Comic Velocity: HIV and AIDS in Comics exhibition in New York

Comic Velocity: HIV and AIDS in Comics, curated by Paul Sammut for Visual AIDS, is a new exhibition at New York’s PS122 Gallery, exploring how artists and activists, including Britain’s Kate Charlesworth and David Shenton, have used comics to create and shape conversations about HIV and AIDS.

Comic Velocity: HIV and AIDS in Comics

From steamy safer sex booklets and soap opera-style public service advertisements to superheroes and underground zines, comics have long been utilised by artists and advocates to respond to the AIDS pandemic. As a visual and accessible medium, comics are often employed with the goal of democratizing information, engaging broad audiences, and representing communities erased from public health narratives.

Zander Alexander, PWA by Michael Slocum
Zander Alexander, PWA by Michael Slocum

Running until 11th July 2021, the exhibition’s title borrows from scholar Ramzi Fawaz’s writing on the varied emotional intensity of comics, illustrated in the exhibition through juxtapositions in tone and affect. Ranging from the light-hearted anecdotes of Michael Slocum’s Zander Alexander, PWA (1993-95) to James Romberger and Marguerite Van Cook’s urgent and cacophonic depictions of David Wojnarowicz’s writing in Seven Miles a Second (1996), the exhibition represents a broad spectrum of styles and approaches to comics and sequential art.

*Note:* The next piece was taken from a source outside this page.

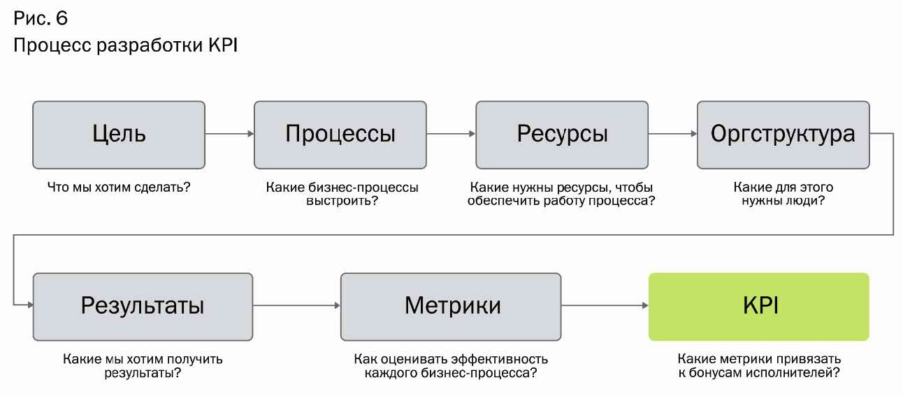 Если посмотреть на место KPI в цепочке управления (см. рис. 6), то сначала у руководителя появляется цель. Например, вы решили запустить доставку. Теперь нужно придумать, какие процессы необходимо выстроить, например, проработать блюда, сформировать ценообразование и бюджет, проработать айдентику, произвести упаковку, обучить персонал, выстроить маркетинг и многие другие. Затем вам будет необходимо продумать, какие ресурсы под это понадобятся: материальные и нематериальные. Далее вам нужны люди, чтобы процессы функционировали. Потом на основании предыдущих шагов вы будете просчитывать с командой, какие хотите получить результаты. И затем, по каким метрикам необходимо оценивать эффективность и какой плановый KPI необходимо установить и привязать к бонусам исполнителей.

Comic Velocity collects both historical and contemporary educational material, activist projects and artists’ works that demonstrate how the medium of comics continues to contribute to the public understanding of HIV and AIDS through its democracy, accessibility and immediacy. The exhibition features a selection of items from the HIV Graphic Communication Archive, and the work of creators Alison Bechdel, Howard Cruse (1944 – 2019), Jennifer Camper, Kate Charlesworth, Chris Companik (1957 – 2012), James Romberger, Marguerite Van Cook, and David Wojnarowicz (1954 – 1992), Carlos Sánchez, David Shenton, Michael Slocum (1956 – 1995) and many others.

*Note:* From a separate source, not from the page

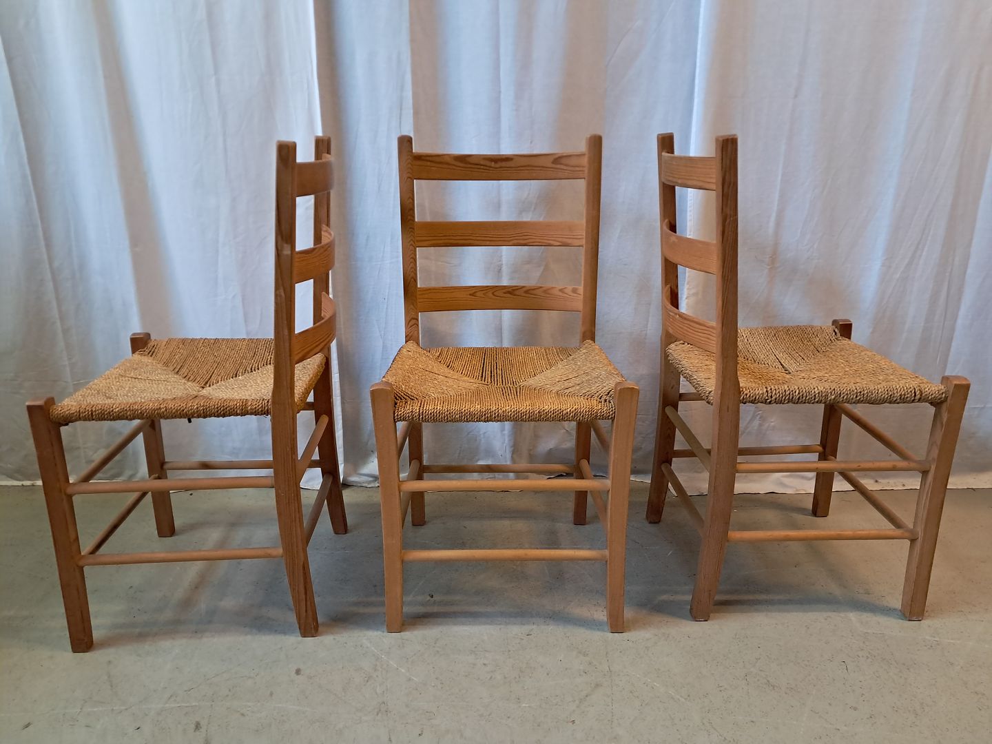 3 Stole i massivt fyrretræ, fra 1980erne.

Detail from Life, The Universe and (Almost) Everything #122 by Kate Charlesworth
Detail from Life, The Universe and (Almost) Everything #122 by Kate Charlesworth
Uncredited artist from UK HIV/AIDS Graphic Communication Archive
Uncredited artist from UK HIV/AIDS Graphic Communication Archive

As part of the exhibition, four newly commissioned comics projects from J. Amaro & A. Andrews, Inés Ixierda & Clio Sady, Carlo Quispe and Mel Rattue will be available as free take-aways. These new works – also online – explore contemporary issues and experiences surrounding HIV/AIDS such as HIV criminalisation, women’s’ anti-stigma activism, and the fear of getting tested.

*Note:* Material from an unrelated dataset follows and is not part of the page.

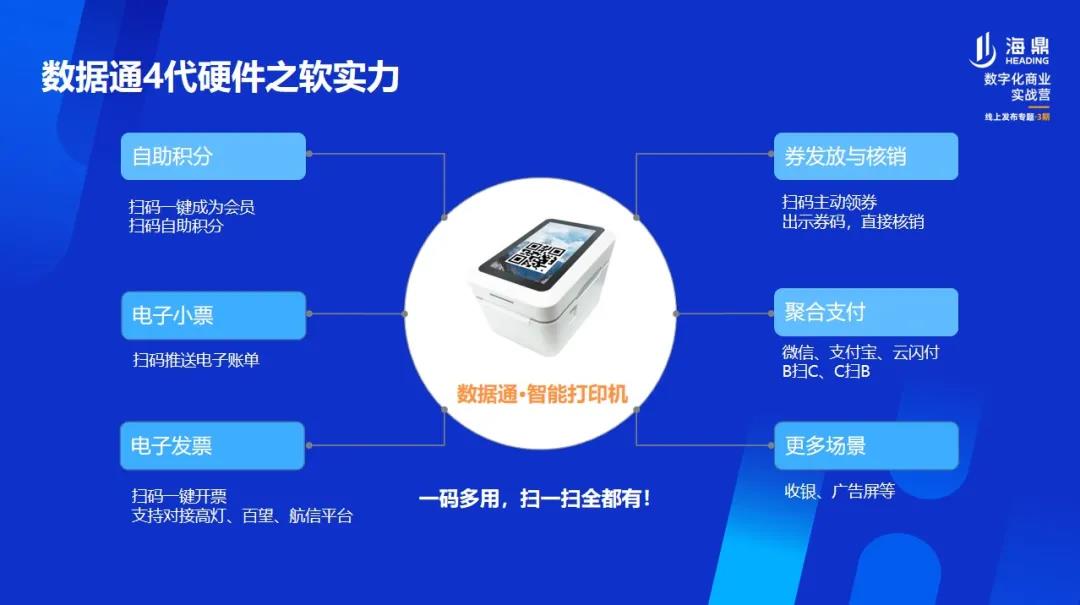 在軟件實(shí)力方面,數(shù)據(jù)通4.0產(chǎn)品集成了支付功能、電子小票、會(huì)員招募、電子發(fā)票、券發(fā)放與核銷等多項(xiàng)功能,支持在移動(dòng)端或設(shè)備上直接配置。

Just a Pill? by A. Andrews & J. Amaro; Strutting to Stop Stigma by Mel Rattue; Legalize Positivity by Inés Ixierda & Clio Sady; Paco by Carlo Quispe
Just a Pill? by A. Andrews & J. Amaro; Strutting to Stop Stigma by Mel Rattue; Legalize Positivity by Inés Ixierda & Clio Sady; Paco by Carlo Quispe

Visual AIDS utilises art to fight AIDS by provoking dialogue, supporting HIV+ artists, and preserving a legacy, because AIDS is not over.

The exhibition is accompanied by an illustrated publication with writing by comics scholar Margaret Galvan, interdisciplinary artist Alexandro Segade, comics creator Leonard Rifas and, of course, lots of comics, available now from the Visual AIDS web store.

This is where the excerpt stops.